Broadly, the principles governing the determination of ‘material injury’ because of alleged dumping are – (i) PUC has been exported to India from the subject country below its ‘Normal Value’; (ii) Domestic Industry has suffered ‘material injury’; and (iii) There is a casual link between the alleged dumping and ‘material injury’ caused to the Domestic Industry. Also, the analysis of ‘material injury’ is undertaken by following two methods:

Volume Effect

Examination of volume of the dumped imports, including the extent to which there has been or is likely to be a significant increase in the volume of dumped imports. These may be either in absolute terms or in relation to production or consumption in India, and its effect on the Domestic Industry.

Price Effect

The effect of dumped articles on prices in the Indian domestic market including price-undercutting, price depression or preventing increase in price which otherwise would have increased.

Investigation for imposing ADD

An investigation for alleged dumping may be initiated by the Designated Authority upon an application made by or on behalf of Domestic Industry.[6] Following two conditions are pre requisites for a valid application to be considered by the Designated Authority:

  • Application must be supported by domestic producers accounting for not less than 25% of total production of the like article in India; and
  • Domestic producers supporting the application must account for more than 50% of total production of like article by those opposing the application.

Miscellaneous Provisions

Termination of Investigation

  • Request in writing from the Domestic Industry at whose instance the investigation was initiated;
  • No sufficient evidence of dumping or injury;
  • If the Margin of Dumping is less than 2% of the Export Price;
  • If the volume of dumped imports from a country is less than 3% of the total imports of the like article into India or the volume of dumped imports collectively from all such countries is less than 7% of the total imports;
  • Injury is negligible.

Retrospective imposition of ADD

  • If there is a history of dumping which caused the injury or that the importer was, or, should have been aware that the exporter practices dumping and that such dumping would cause injury, and
  • If the injury is caused by massive dumping, in a relatively short time, so as to seriously undermine the remedial effect of anti-dumping duty.

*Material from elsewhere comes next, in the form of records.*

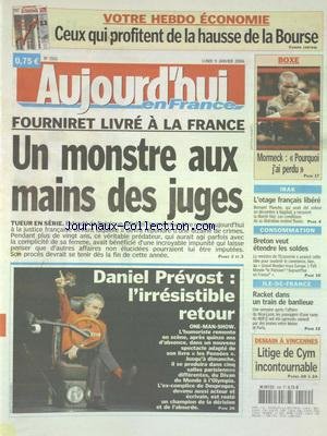AUJOURD'HUI EN FRANCE [No 1501] du 09/01/2006 - FOURNIRET LIVRE A LA FRANCE - UN MONSTRE AUX MAINS DES JUGES - IRAK - L'OTAGE FRANCAIS LIBERE - BRETON VEUT ETENDRE LES SOLDES - RACKET DANS UN TRAIN DE BANLIEUE - LES SPORTS - BOXE AVEC MORMECK - DANIEL PREVOST L'IRRESISTIBLE RETOUR La revue
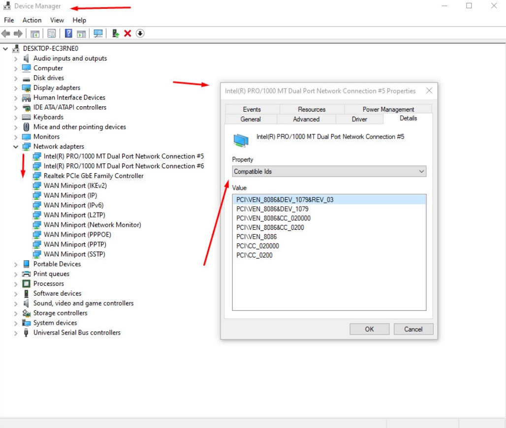 To check the hardware IDs for your network adapter
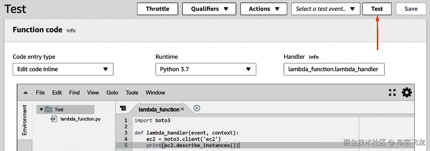 这段代码创建了一个新的boto3 session,并将在计算机上搜索名为Test的 AWS CLI 配置文件,这是我们已经设置好的。通过使用这种方法来处理我们脚本中的凭据,我们不需要直接在代码中包含硬编码的凭据。
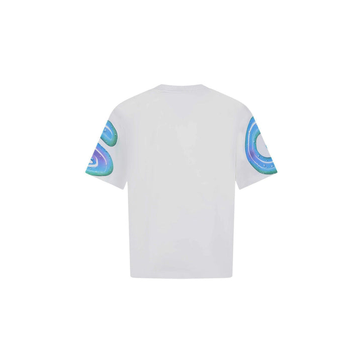 Short Sleeve Stretch Cotton Jersey T-Shirt In White. Logo And Graphic Printed In Blue And Green On The Front And On The Sleeves Of The T-Shirt. A Cool Summer Appareal For Kids From New Collection.
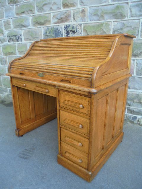 Antique Golden Oak Roll Top Writing Desk c.1900
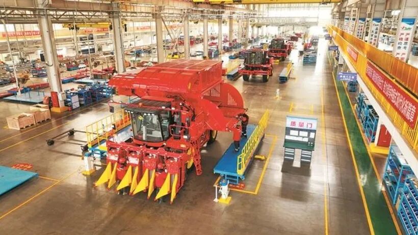 眼下,在五家渠经济技术开发区,新疆天鹅现代农业机械装备有限公司的生产车间里一派繁忙景象,工人们加紧对采棉机进行最后调试。作为兵团农机装备产业链“链主”企业,该公司攻克多项核心技术难关,研发出整机国产化率达97%的高端采棉机,建成国内首条脉动式高端采棉机智能制造生产线。
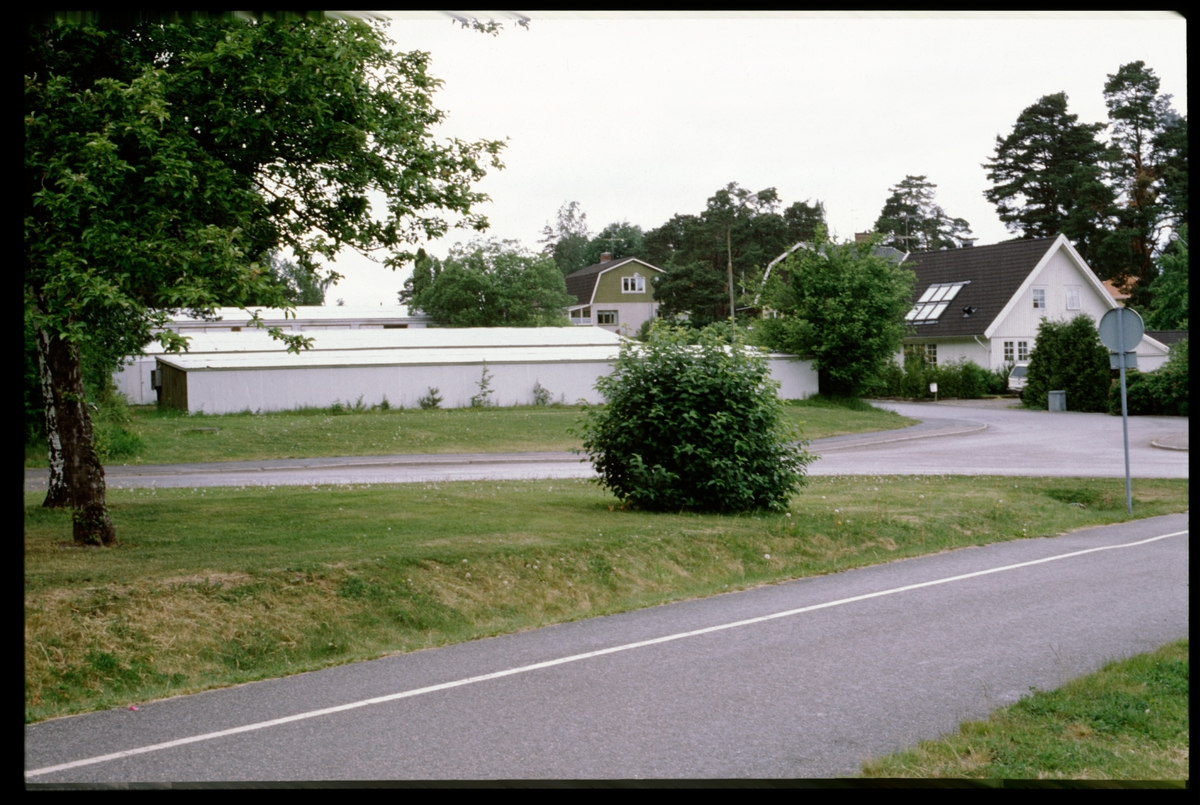 Bostadshus och garage i Strängnäs. Bilden märkt med Dompens garageförening.
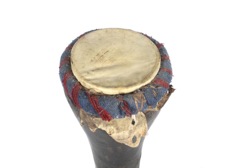 Papua New Guinea. A Southern HIghland kundu, drum. Of waisted form with striped decoration to lower section. H100cm.Lots 1-58 in this auction are all from the same collection, the majority of which was collected in Papua New Guinea in the 1970s and 1980s.

Such retrospective application will not go beyond 90 days of the date of imposition of provisional duty.

Refund of collected duty

  • If the imposed ADD on the basis of final findings is higher than the provisional duty (already imposed and collected), the difference shall not be collected;
  • If the final ADD is less than the provisional duty (already imposed and collected), the difference shall be refunded;
  • If the provisional duty is withdrawn based on a negative final finding, then the provisional duty already collected shall be refunded.

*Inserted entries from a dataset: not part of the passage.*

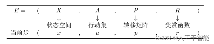 其中,转移矩阵 P : X × A × X ↦ R P:X\times A\times X\mapsto \mathbb{R} P:X×A×X↦R,奖赏函数 R : X × A × X ↦ R R:X\times A\times X\mapsto \mathbb{R} R:X×A×X↦R或 R : X × X ↦ R R:X\times X\mapsto \mathbb{R} R:X×X↦R
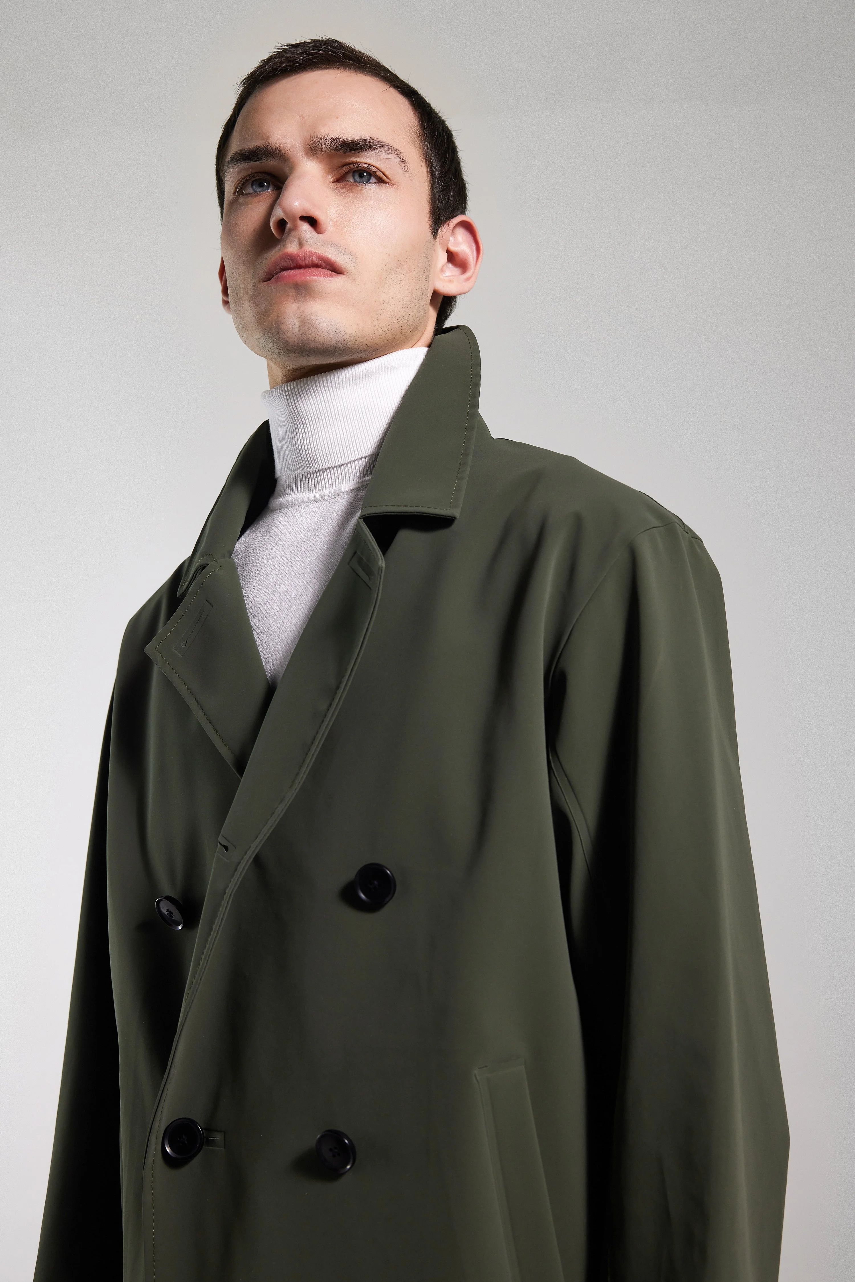 Atvidaberg is a classically cut double-breasted raincoat for men. Stay stylish and dry in this timeless piece crafted from light and airy waterproof fabric with a matte finish. Tailored with double-welded seams, it's completely resistant to moisture, making this regular-fit raincoat the perfect smart coat for unpredictable spring weather. The model is 183 cm / 6′ 0” Wearing → SIZE M GARMENT DETAILS • Lightweight 230-gram fabric • Completely waterproof • Matte-textured fabric finish • Double-breasted • Regular fit • Acrylic buttons • Open side pockets • Debossed logo at back collar • Double-welded seams • +20 000 mm water column pressure • Designed in Stockholm • Made in Europe MATERIAL Coating: 100% PVC rubberized coating Membrane: 100% polyester Read more about our fabrics
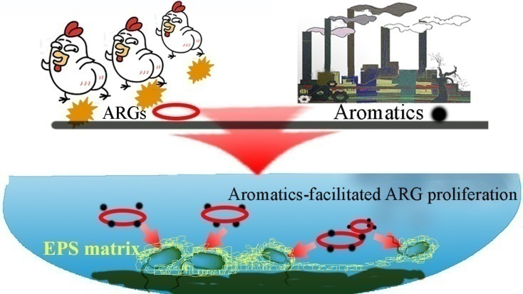 目前,科学界早已了解土壤与沉积物中的抗生素塑造ARGs,但对ARGs传播“帮凶”的角色知之甚少。取代基芳香族衍生物的存在,可能放大原本低强度抗生素污染系统中的ARGs风险。因此,当进行ARGs环境迁移、衰减、风险评估与修复的相关研究时,需要综合考虑芳香族衍生物、甚至其它强化因素在ARGs风险调控方面的环境“帮凶”角色。
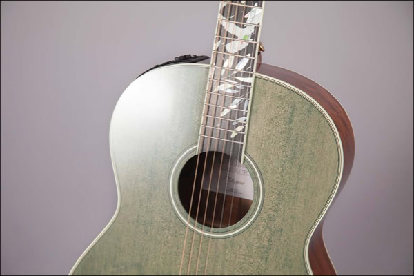 Shown below is the LTD 2020, celebrating “Peace” for today and into the future. This guitar features an intricate Dove Of Peace fretboard inlay and a Foliage Green brushed motif top made of solid spruce.
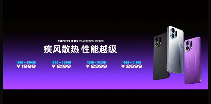 設計彰顯競速美學:Pro版提供騎士銀、初號紫、黑武士三色(標準版為騎士白/同色紫/黑),Pro背部更搭載疾風渦輪呼吸燈(8色可調),活力十足。高強度晶盾玻璃堅固耐用。價格誠意拉滿:K13 Turbo Pro (12+256GB) 僅1999元起(16+256GB 2199元,12+512GB 2399元,16+512GB 2699元);K13 Turbo (12+256GB) 1799元起(16+256GB 1999元,12+512GB 2299元)。全系7月25日10:00開售!
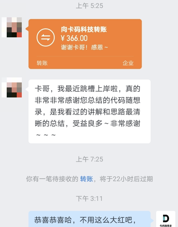 当大家通过 代码随想录 提升了编程与算法能力,考上研或者找到好工作的时候,于我来说已经是很幸福的事情:
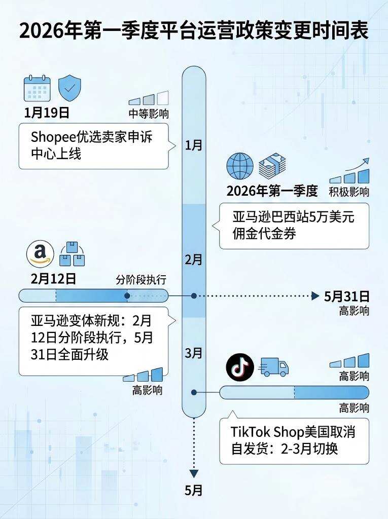 TikTok Shop美国站将逐步取消卖家自发货模式,自2026年初起所有订单需统一通过平台管理的物流服务履约。已入驻卖家将在2月底至3月底分阶段切换。亚马逊近期针对违规变体展开大规模清理,为新规铺路——自2月12日起分阶段执行、5月31日全面升级,仅允许颜色、尺寸等不影响核心功能的变体共享评论。Shopee自1月19日起上线"优选卖家申诉中心",允许面临资格丧失风险的卖家提交申诉。亚马逊巴西站则推出新卖家福利,品牌卖家可获得最高约5万美元的预付佣金代金券。
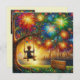 A young boy on a tree swing watches a fire works' display and celebrates Toby's birthday. The greetings on the card are "Happy Birthday Toby". On the back of the card is a small version of the front picture, and plenty of room to write a message. Made with the assistance of AI Bing.

Contributed by Manish Parmar. Manish can be reached at manish.parmar@aureuslaw.com.

Views are personal.

[1] Pursuant to investigation in accordance with the Agreement, a determination is made (a) that dumping is occurring, (b) that the domestic industry producing the like product in the importing country is suffering material injury, and (c) that there is a causal link between the two. In addition to substantive rules governing the determination of dumping, injury, and causal link, the Agreement sets forth detailed procedural rules for the initiation and conduct of investigations, the imposition of measures, and the duration and review of measures.

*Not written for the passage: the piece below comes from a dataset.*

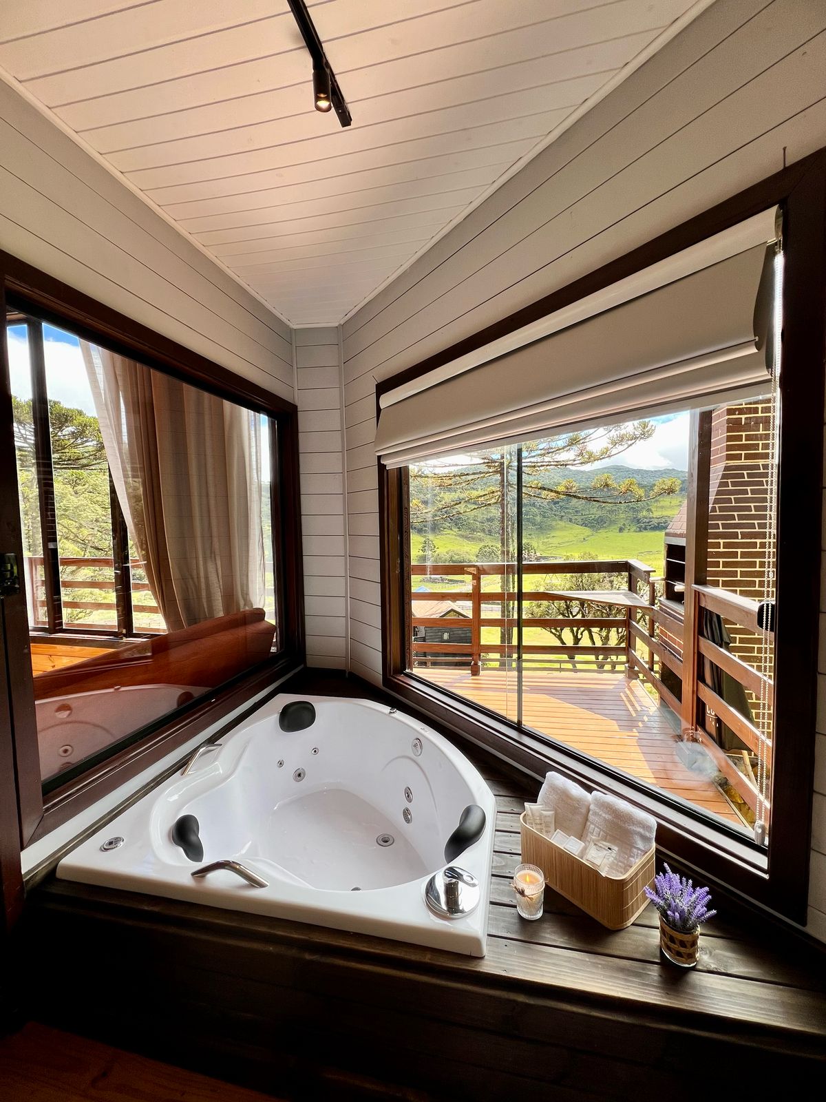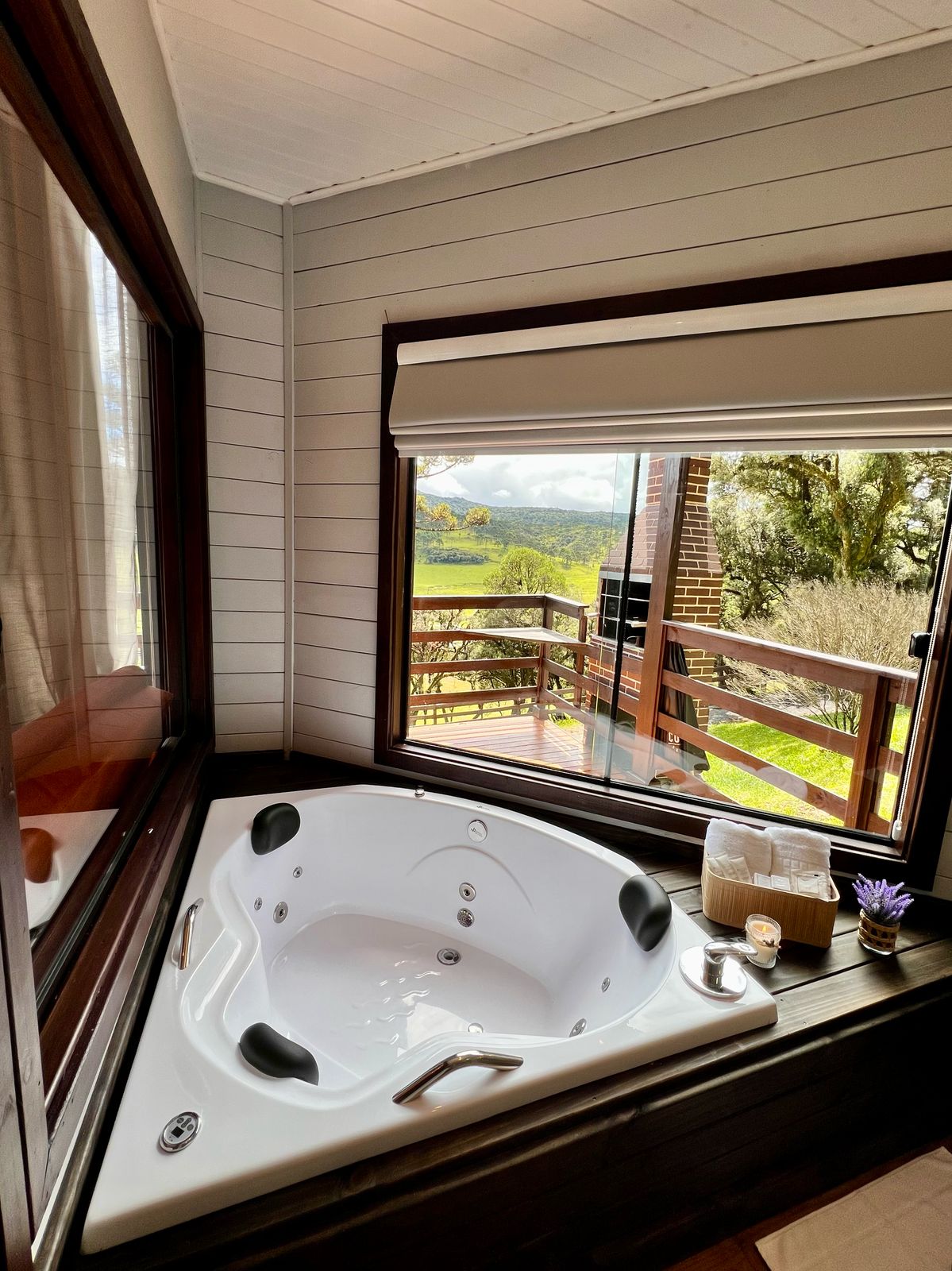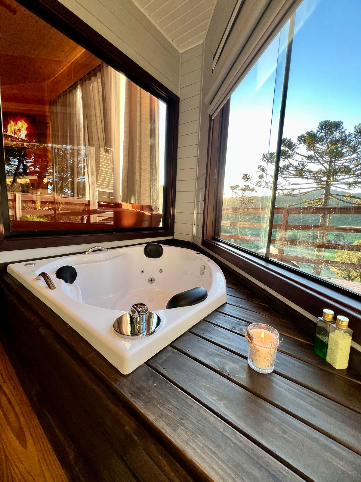 - Comodidades (umidificador de ar, cama queen size, roupas de cama, ar condicionado quente e frio, banheira de hidromassagem, cozinha completa, talheres e louças, lareira ecológica interna, secador de cabelo, secador de toalhas, Toalhas, cobertor extra, roupão)

[2] If there is no export price or the export price is not reliable because of association or a compensatory arrangement between the exporter and the importer or a third party, the export price may be determined on the basis of the price at which the imported articles are first resold to an independent buyer.

[3] If the PUC are not resold as above or not resold in the same condition as imported, their export price may be determined on a reasonable basis.

[4] Introduced after the Uruguay Round.

[5] Rule 2(b) of ADD Rules.

[6] Under Rule 5(4) of ADD Rules, the Designated Authority may also initiate investigation suo motu based on information received from Customs authorities or any other person.